Energiebehoefte hangt af van:

  • Activiteit (meer activiteit = meer verbruik energie)
  • Leeftijd (volwassenen meer dan kinderen)
  • Geslacht (man meer dan vrouw)

BMI = Body Mass Index

Vet:

  • Is een energierijke stof en een bouwstof
  • Vet wordt opgeslagen onder je huid en rond organen
  • Beschermt organen en tegen de kou

Cholesterol :     

  • vetachtige stof die je lichaam gebruikt om nieuwe cellen te maken
  • Maak je lever zelf of krijgt via voeding binnen

Teveel cholesterol > ophoping in bloedvaten > bloed stroomt minder goed > hart moet harder pompen > verhoogde bloeddruk
Ophoping in kransslagaders > hartinfarct (= deel van de hartspier krijgt te weinig zuurstof en voedingsstoffen)
Kransslagaders = aftakkingen van de aorta die het hart voorzien van bloed met zuurstof en voedingsstoffen

Cariës = tandbederf = gaatje in tand of kies

  • Ontstaat doordat bacteriën suiker in je mond omzetten in zuur
  • Zuur tast glazuur aan en vervolgens het tandbeen
  • Fluoride in tandpasta versterkt het tandglazuur

7.3
De 4 bouwstoffen zijn: water, eiwitten, vetten en mineralen

  • Vet is bouwstof van het celmembraan
  • Calcium/kalk is bouwstof voor botcellen
  • Fosfor is bouwstof voor bot en tandglazuur
  • Ijzer is bouwstof voor rode bloedcellen (anders bloedarmoede)

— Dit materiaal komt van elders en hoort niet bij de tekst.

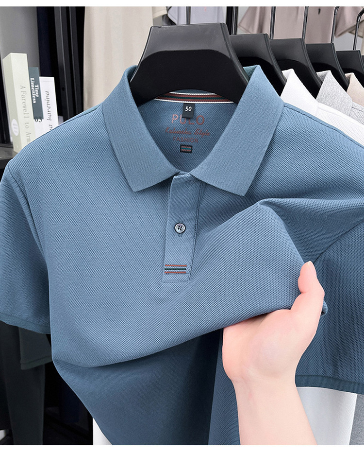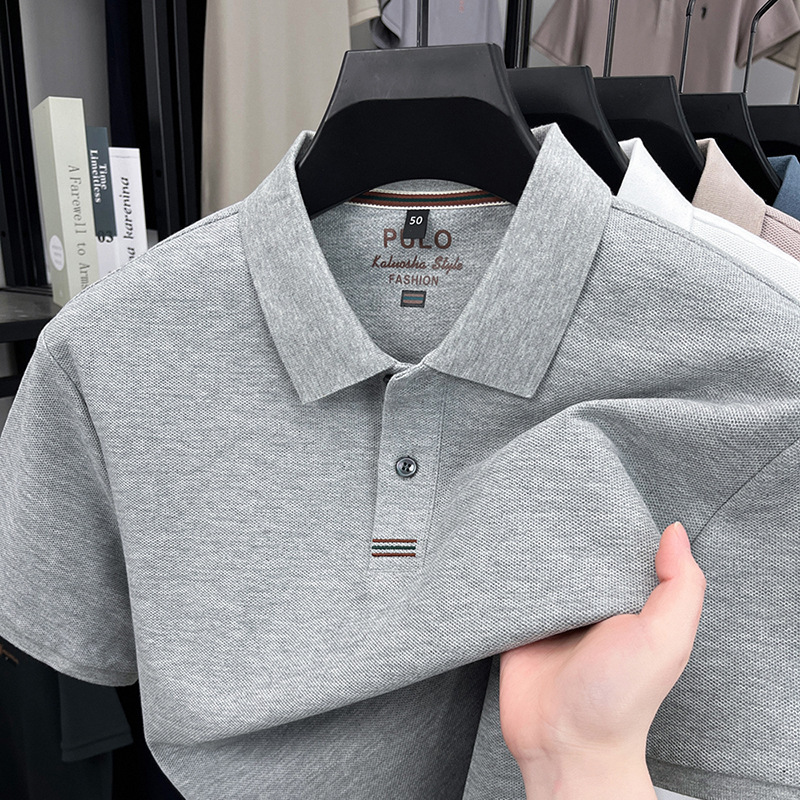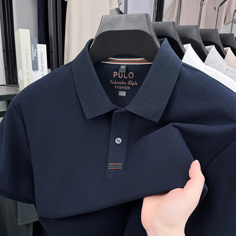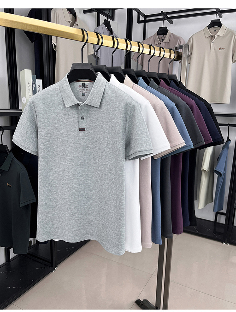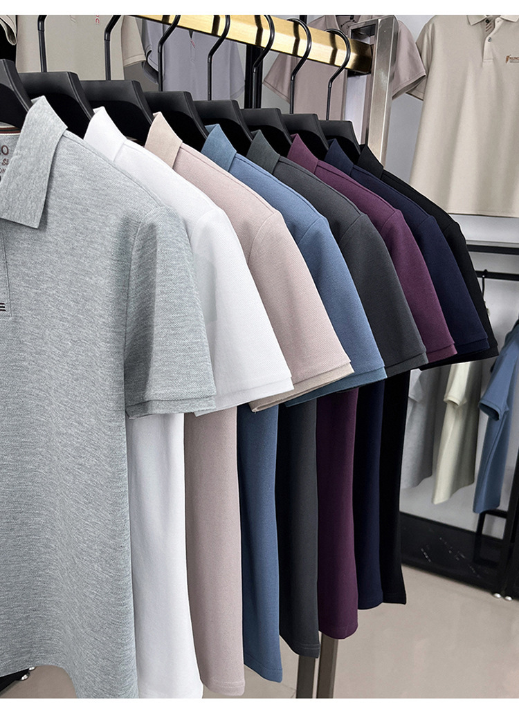 고품질 면 자수 남성 폴로 셔츠 반팔 상의 캐주얼 비즈니스 중년 및 청년 아빠복 수출용스토어 가기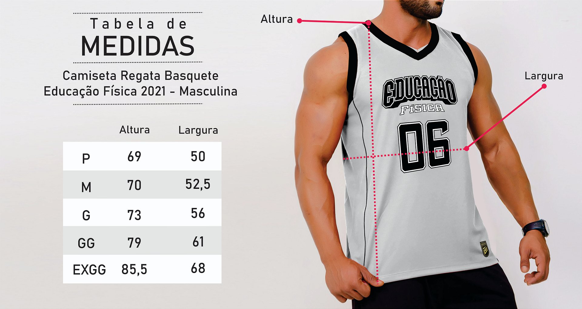 Para auxiliar na escolha correta do tamanho da sua Camiseta Regata Basquete Educação Física 2025 da Umbilical, é necessário estar atento a todas as informações da nossa tabela de medidas. Abaixo, temos um exemplo para usá-la da maneira correta: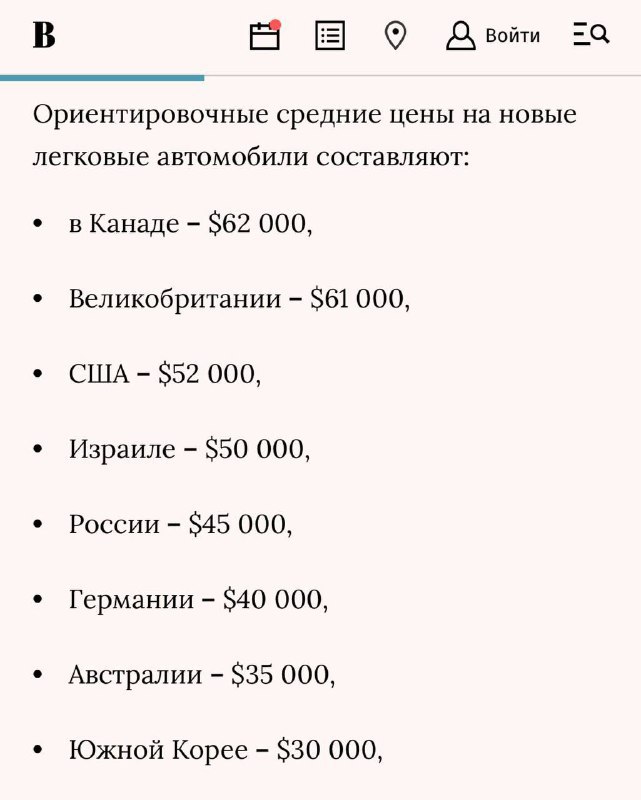 Новые машины в России оказались среди самых дорогих. Средняя цена сейчас около 45 тысяч долларов, это примерно 3,5 млн рублей. С 2022 года ценники выросли на 46%. В Китае и Японии средняя цена около 22,5 тысячи долларов, примерно 1,7 млн рублей, почти в два раза ниже. В тексте это связывают с утильсбором.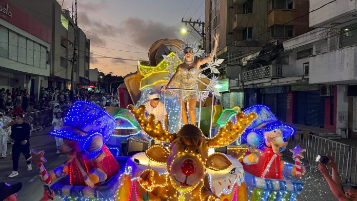 La reina del carnaval, Tatiana Angulo Fernández de Castro, deslumbró a los presentes con su obra «El Canto del Copo de Nieve», que culminó su recorrido en las inmediaciones del Teatro Amira de la Rosa.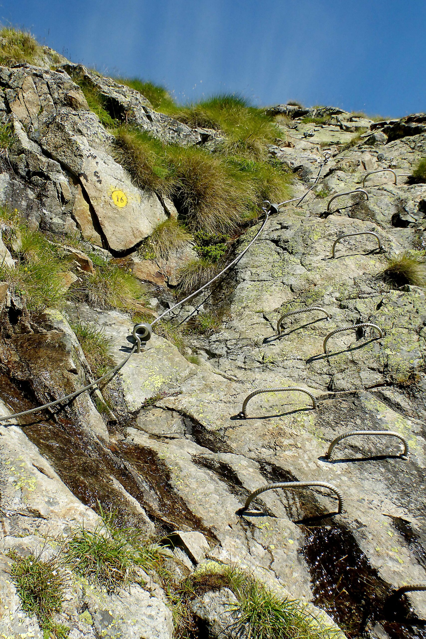 Ferrata con catene nuove e luccicanti, molti punti di ancoraggio. Rifugio aperto e ambiente splendido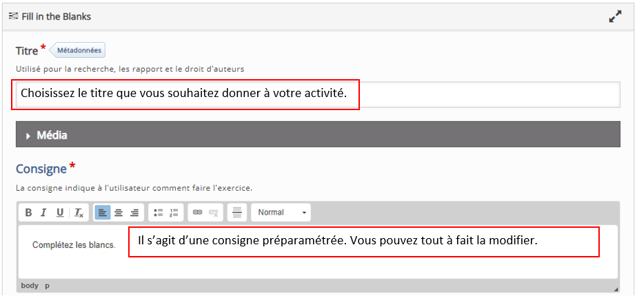 Dans un premier temps, vous devrez ajouter un titre et écrire votre consigne (voir capture ci-dessous) :
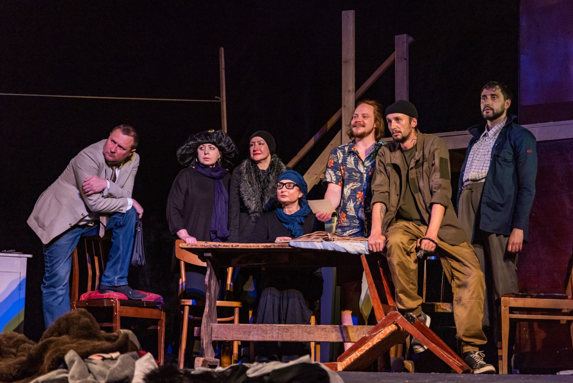 — За тиждень-два ми освоїлися у Вінниці і взялися робити концерт-виставу із переселенцями. Люди, як правило, сюди приїздять із бойових територій, і після пережитого жаху війни часто перебувають у пригніченому, розібраному стані. Тож аби додати трошечки позитиву, ми залучили всіх бажаючих до творчості. Дорослі і дітки від трьох рочків — всі, хто має талант, хист і бажання, були задіяні у драйвовому концерті, у який ми додали також фрагменти із вистав української класики: «Шельменко-денщик» Квітки-Основ'яненка та «Мина Мазайло» Миколи Куліша. Все представили у актовій залі Центру професійно-технічної освіти №1, фантастична дирекція якого нас дуже тепло і гостинно прийняла.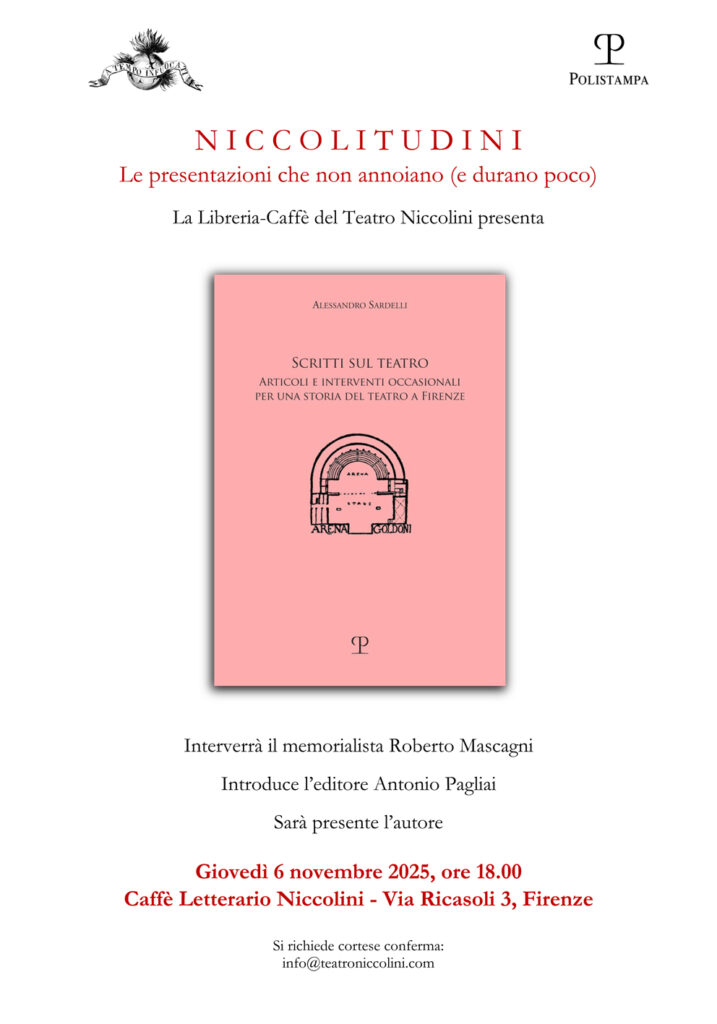 Teatro di prosa e di rivista, con testi di stampo populista e nazionalista, ma anche drammi sacri, vernacolo, burattini. Il mondo teatrale fiorentino ai tempi del fascismo è oggetto di un’analisi storica nel nuovo libro di Alessandro Sardelli intitolato "Scritti sul teatro" (Polistampa). Il volume sarà presentato giovedì 6 novembre alle 18 al Teatro Niccolini di Firenze (via Ricasoli, 3-5) dal memorialista Roberto Mascagni. Saranno presenti l’autore e l’editore.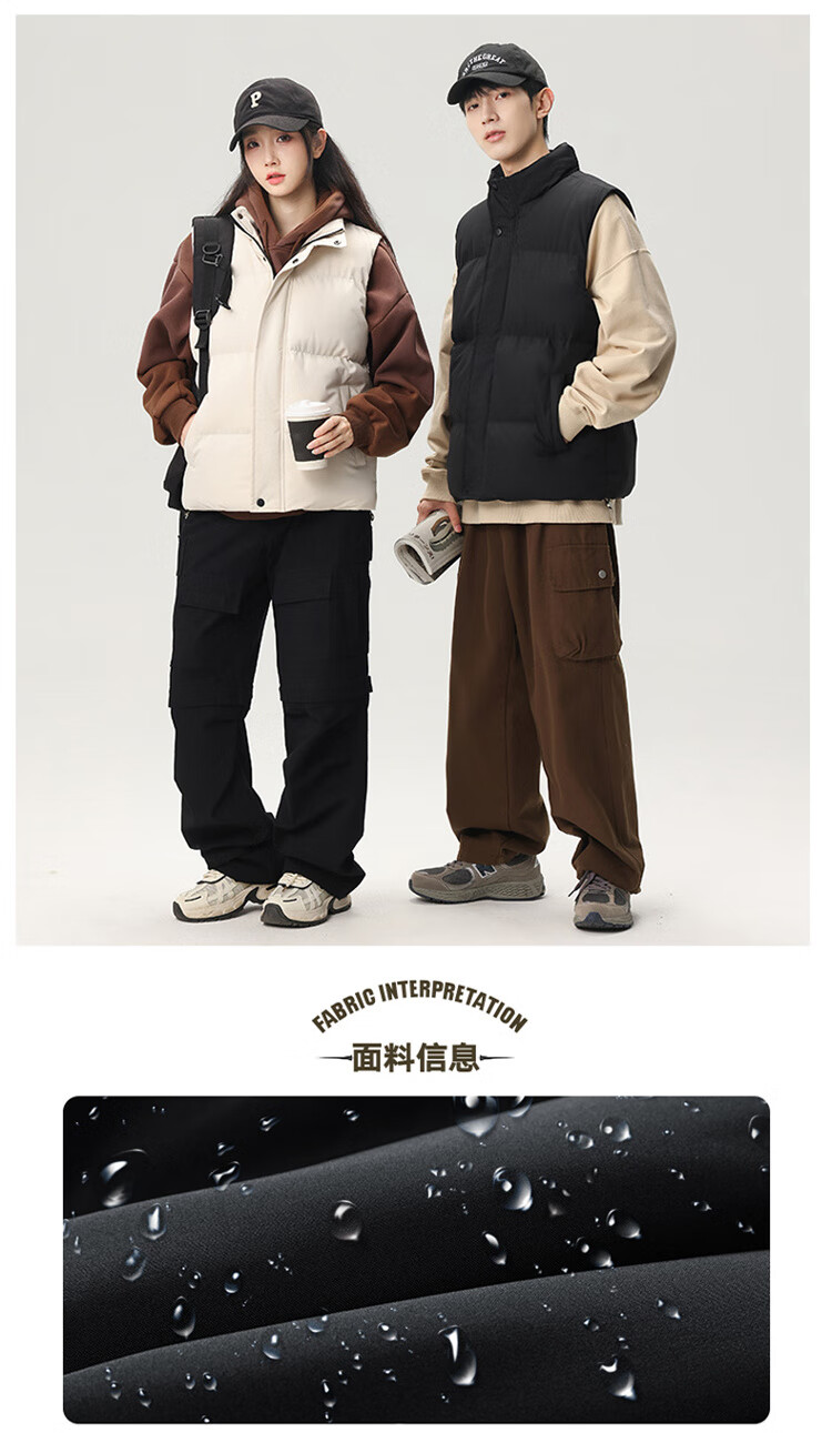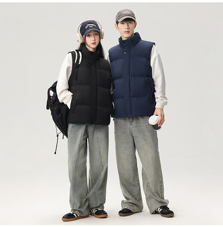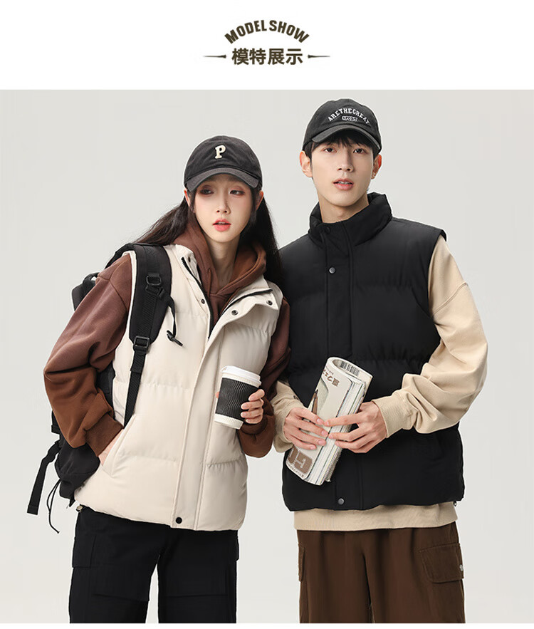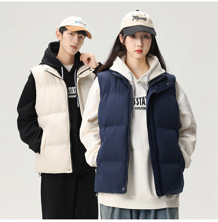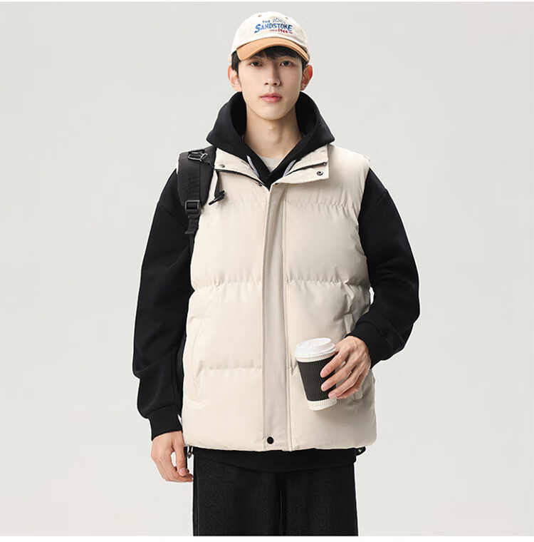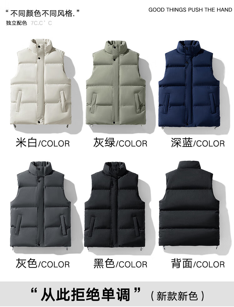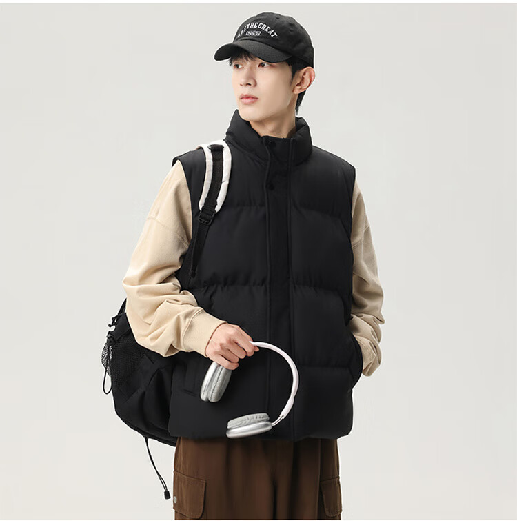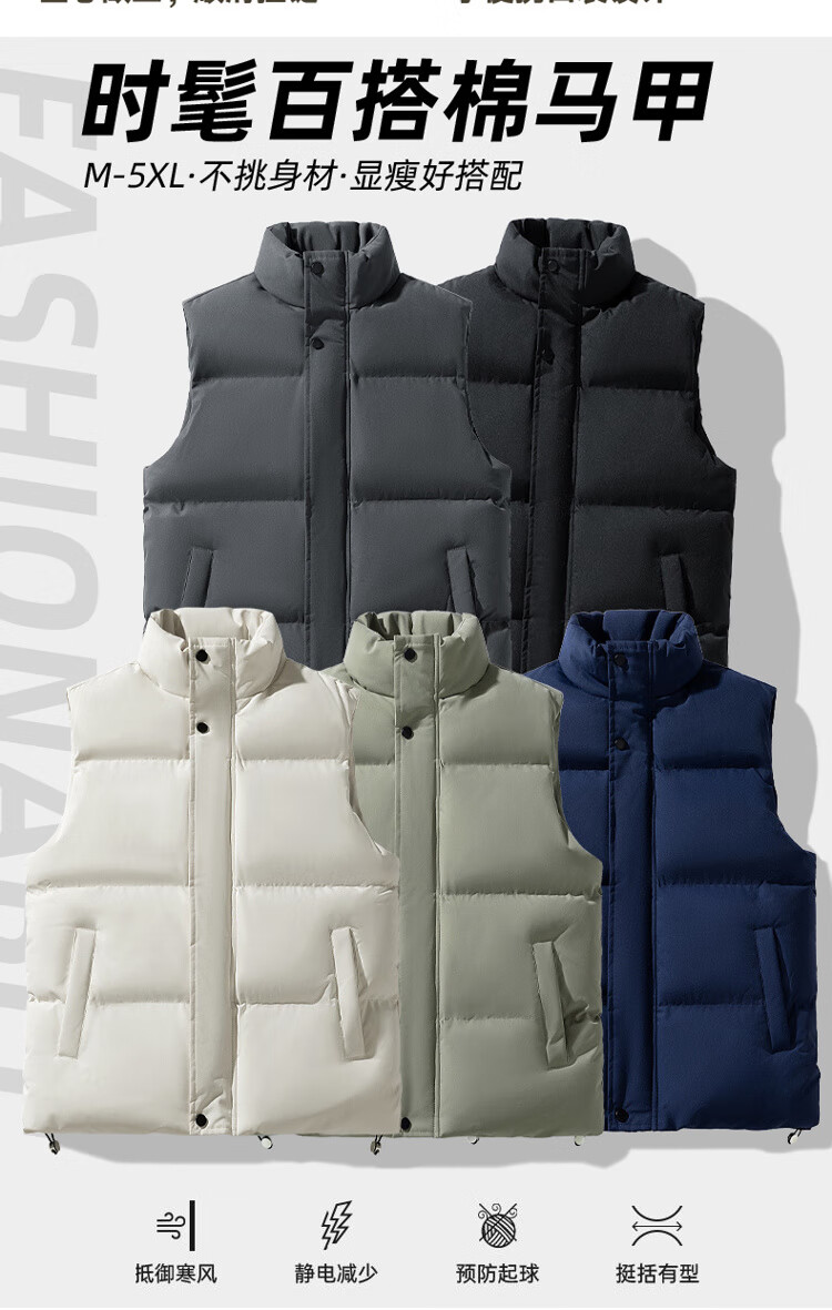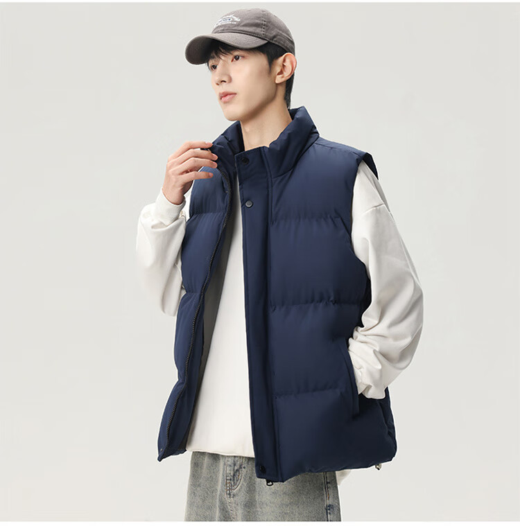 GENIOLAMODE brand vest men's autumn and winter coat men's solid color stand-up collar waistcoat warm vest casual cotton jacket

Eiwit = keten van aminozuren
Functies eiwitten:

  • Opbouw van cellen/weefsels
  • Organen op de plaats houden = structuureiwitten (bijv. collageen)
  • Transport van stoffen in het bloed en in cellen (bijv. hemoglobine in bloed voor O2)
  • Regeling van processen (o.a. bij afweer en vertering)

ADH = aanbevolen dagelijkse hoeveelheid
Te weinig vitamine/mineralen leidt tot gebrekziektes:

  • Te weinig Vitamine A > nachtblindheid
  • Te weinig Vitamine D > Engelse ziekte (= zachte en kromme botten)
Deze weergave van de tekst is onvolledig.